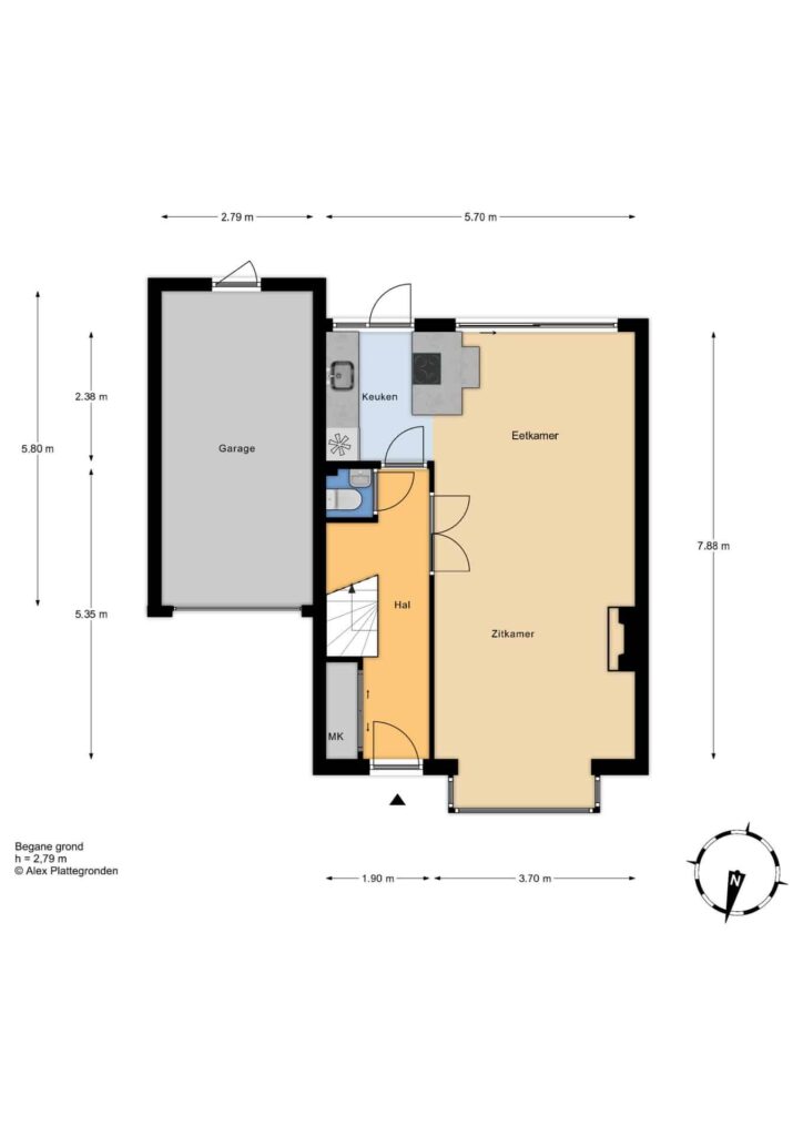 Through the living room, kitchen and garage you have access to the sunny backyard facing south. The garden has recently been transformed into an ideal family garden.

--

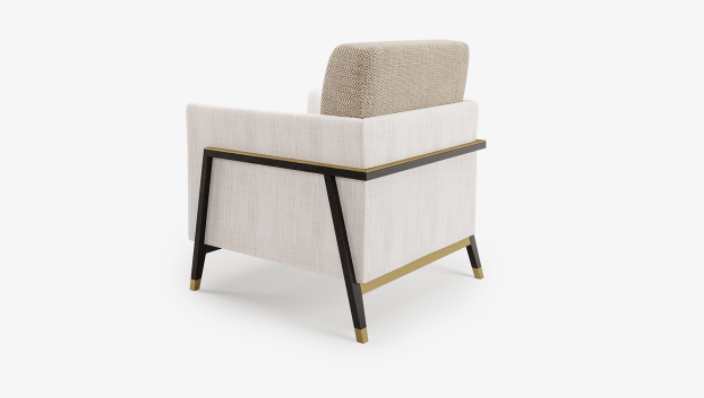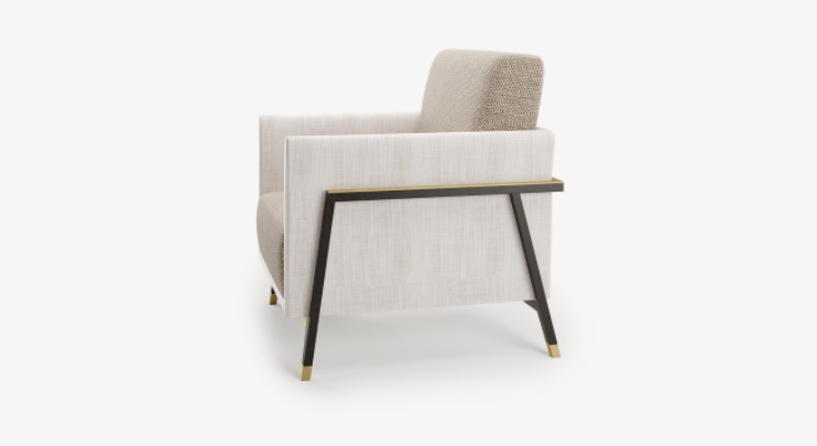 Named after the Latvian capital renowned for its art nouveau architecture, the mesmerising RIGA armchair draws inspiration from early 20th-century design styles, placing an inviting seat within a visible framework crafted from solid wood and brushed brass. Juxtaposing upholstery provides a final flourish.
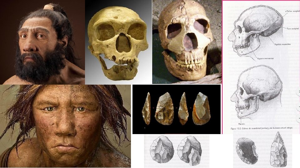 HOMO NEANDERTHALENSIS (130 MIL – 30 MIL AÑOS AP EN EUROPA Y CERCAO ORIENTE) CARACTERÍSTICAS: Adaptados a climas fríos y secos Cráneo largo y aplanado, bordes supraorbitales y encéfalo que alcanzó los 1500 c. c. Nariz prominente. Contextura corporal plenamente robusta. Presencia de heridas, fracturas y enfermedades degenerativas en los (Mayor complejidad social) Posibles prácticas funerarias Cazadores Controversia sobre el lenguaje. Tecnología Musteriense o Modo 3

Problem to work on
Working from the records above, set down word for word everything from the line containing "Named after the" down to the line containing "HOMO NEANDERTHALENSIS (130", ends included, minus the pictures.

Result of this task
 Named after the Latvian capital renowned for its art nouveau architecture, the mesmerising RIGA armchair draws inspiration from early 20th-century design styles, placing an inviting seat within a visible framework crafted from solid wood and brushed brass. Juxtaposing upholstery provides a final flourish.
 HOMO NEANDERTHALENSIS (130 MIL – 30 MIL AÑOS AP EN EUROPA Y CERCAO ORIENTE) CARACTERÍSTICAS: Adaptados a climas fríos y secos Cráneo largo y aplanado, bordes supraorbitales y encéfalo que alcanzó los 1500 c. c. Nariz prominente. Contextura corporal plenamente robusta. Presencia de heridas, fracturas y enfermedades degenerativas en los (Mayor complejidad social) Posibles prácticas funerarias Cazadores Controversia sobre el lenguaje. Tecnología Musteriense o Modo 3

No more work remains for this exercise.